Representations that we "sent" this teenage witness away or had her "removed" to
Florida distort reality. Her ultimate choice was no sudden revelation either - it was
publically disclosed in early July 2016. See http://abc7news .com/news/i-team-exclusivecops-want-to-send-witness-in-g rowing-sex-scandal-to-rehab-3000-mi les-away/1416574/
Addiction is a powerful behavioral impairment that can be difficult for individuals to
overcome without medical treatment. The teenager, in consult with her family, made a
choice to seek inpatient treatment. Although live-in care has advantages, affordability
was an issue for them. Our Domestic & Sexual Violence Unit (DSVU) personnel,
housed at the Family Justice Center, worked to support the teenager's application working with her and her family - to the California Victim Compensation Program
(CalVCP) for help with expenses. Visit http://vcgcb.ca.gov/victims/ for more information.
CalVCP can help victims pay for certain types of expenses. Although the teenager
changed her mind on treatment initially, her application for relief remained active with
the California Victim Compensation Board, and it was ultimately funded.
COR did not pay for rehab or any related expense.
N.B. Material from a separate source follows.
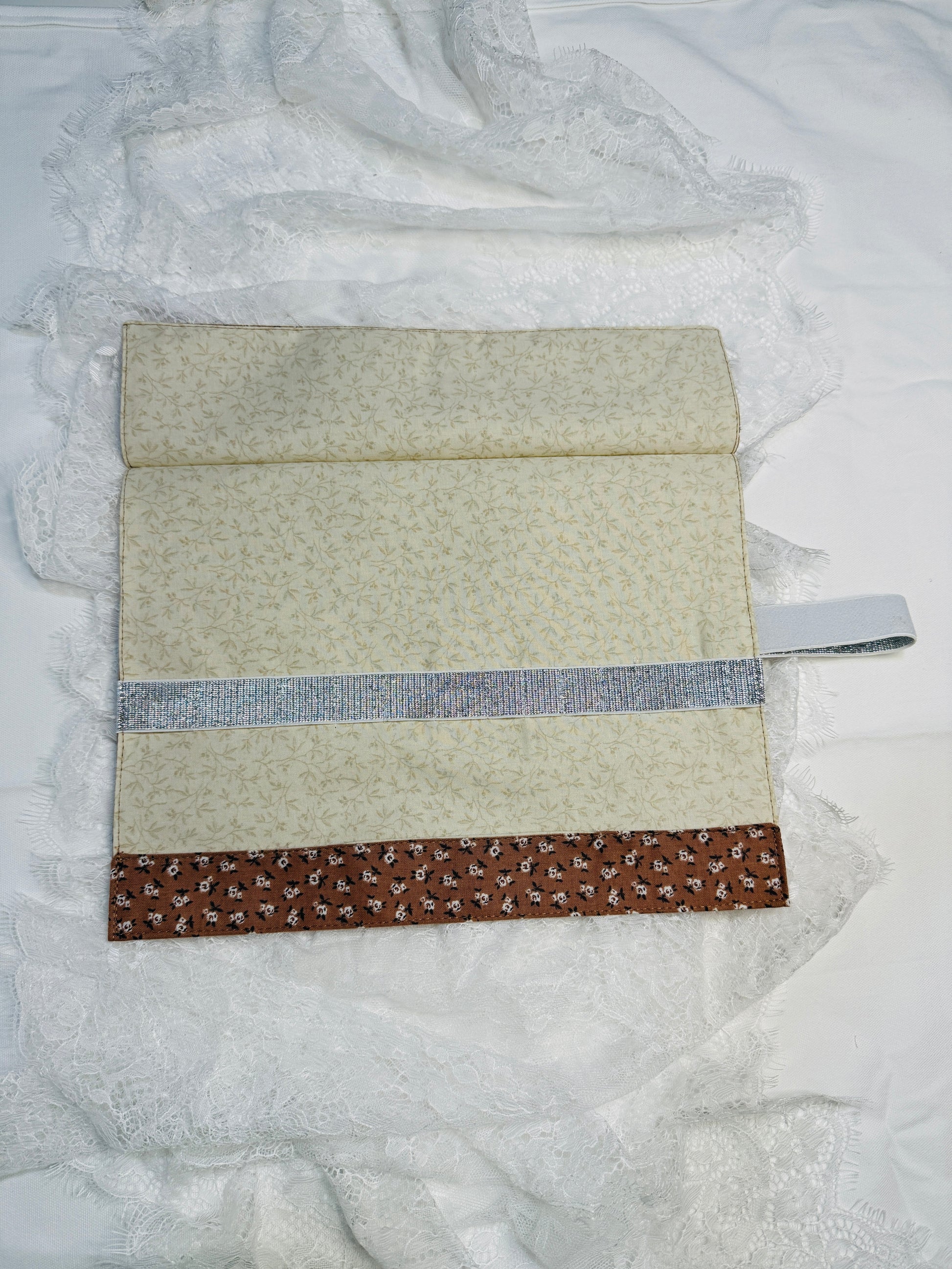 Roll with style! This handmade delightful brush organizer wraps your makeup essentials in this fun fabric—both inside and out. Metallic elastic straps snugly cradle up to 14 brushes of various sizes, from tiny detail brushes to full-sized fluffy ones, keeping everything exactly where you left it. Toss it in the wash when needed, let it air dry, and you're good to go. Compact enough for weekends away or daily touch-ups, this clever roll transforms brush chaos into organized bliss wherever your beauty routine takes you. This one-of-a-kind makeup brush roll is waiting to come home with you!

Various legal and other privacy restrictions apply, so we cannot offer a more granular
public report on this personnel investigation. We've strategically withheld certain
details, not because we're trying to hide the truth, or hide from it but to protect privacy.

Every public statement that we could make about this case invites more questions than
we can answer without significant consequence. No criminal matters are at issue.
There is no compromise on behavior that undermines the professionalism of the RPO.
This applies to all employees, both sworn and civilian. What is promising about the
status quo are recent audit results on 2015 officer complaints. It revealed that 61 % of
them were generated internally - and of internal complaints, 36% were initiated by other
officers. These statistics suggest a working environment wherein it's acceptable to call
attention to other employees' suspected wrongdoing.
Thank you again for trusting the process, and many thanks for your trust and support of
the professional men and women of the Richmond Police Department. I'm available to
answer any follow up questions that you may have.
Allwyn Brown
Chief of Police
The substance of this report can be shared publicly.